The relevant factual background is set forth in greater detail in the Summary
Judgment Order and is repeated here only to provide the context necessary for
understanding the dispute addressed in this Order. In 2019, JVS began using AVL as a
logistics broker for hauling loads of crude oil on behalf of third-party oil companies. JVS
hauled and invoiced AVL for hundreds of these loads. Initially, AVL paid JVS’s invoices
on a typical 15-day schedule. AVL sought to alter that payment arrangement and
proposed that the parties agree to the terms of a QuickPay Agreement (“QPA”). The
parties executed the QPA in July 2019.
As explained in the Summary Judgment Order, the QPA states that it governs the
general terms and conditions under which JVS may offer and sell its receivables (i.e.,
invoices) to AVL. The QPA establishes an advance payment schedule. AVL agreed to
pay JVS an advance of 90% of an invoice prior to receiving payment from AVL’s third
party client. The remaining 10% of the invoice was divided between AVL and JVS
within 10 days after AVL received the client’s payment. In exchange for advancing 90%
of the invoice, AVL would deduct a 3% fee, and JVS would receive the remaining 7%
balance. The QPA included other provisions relevant to the parties’ dispute, including an
exclusivity clause, a choice-of-law clause, a non-solicitation clause, and a non-disclosure
After the parties executed the QPA, JVS performed hundreds of hauls for AVL
over the next few months. But the relationship between the companies began to
deteriorate. In January 2020, JVS hauled loads for a different logistics broker. This work
included hauling loads for a third-party crude oil company that had also been one of
AVL’s clients while JVS was hauling for AVL. JVS continued to haul for AVL in the
early months of 2020, but AVL stopped paying JVS for the loads it hauled. On July 1,
2020, JVL commenced this lawsuit by serving AVL with a Texas state court complaint
seeking to enforce the terms of the parties’ agreements and to compel AVL to pay JVS
for the loads it hauled. On July 27, 2020, AVL removed the case to the United States
District Court for the Northern District of Texas. On December 115, 2020, the case was
transferred to the District of Minnesota.
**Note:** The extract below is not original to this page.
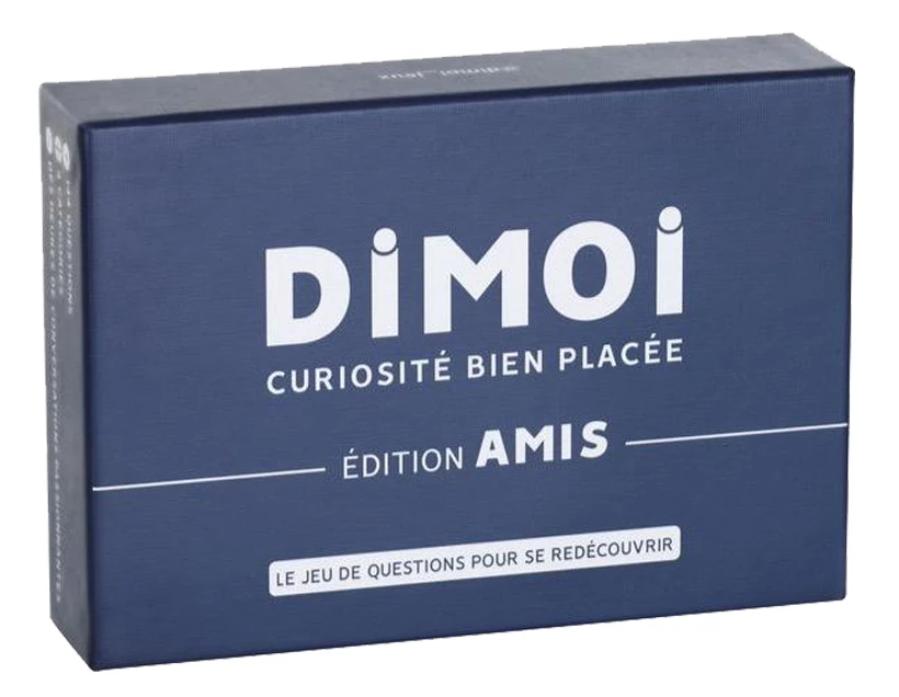 Découvrez le jeu DIMOI édition amis, un jeu de cartes avec 144 questions pour échanger, connaître et se redécouvrir entre amis. Quatre catégories de questions soigneusement conçues aux sujets variés et originaux composent cette édition: «Connexions», «Crunch », «Authentique» et «Hors-piste ». Des questions qui suscitent une prise de recul, de la réflexion, des émotions, des rires… Chaque question est là pour faire grandir nos amitiés.

In the Summary Judgment Order, this Court held that, under Texas law, both the
non-solicitation and non-disclosure provisions of the QPA were unenforceable restraints
of trade as a matter of law. For that reason, the Court denied AVL’s motion seeking
summary judgment on JVS’s contract claims. Specifically, the Court concluded that the
non-solicitation provision was an impermissible restraint of trade and the non-disclosure
provision lacked any reasonable restrictions as to time, geographical area, and scope of
activity. The Court granted JVS’s motion for summary judgment on its breach of contract
claims because the undisputed evidence showed that AVL agreed to pay JVS for the
hauls it performed on AVL’s behalf at the prices established in the parties’ rate sheets;
JVS performed its obligations under the hauling agreements; and AVL failed to pay
JVS’s invoices for the loads it hauled.
JVS later dismissed its remaining claim that was not resolved by the Summary
Judgment Order and the Court directed the entry of Judgment on April 10, 2023. On
April 11, 2023, the Clerk entered Judgment in favor of JVS in the amount of
$334,940.08. JVS filed its motion for attorney’s fees and pre-judgment and postjudgment interest on April 28, 2023.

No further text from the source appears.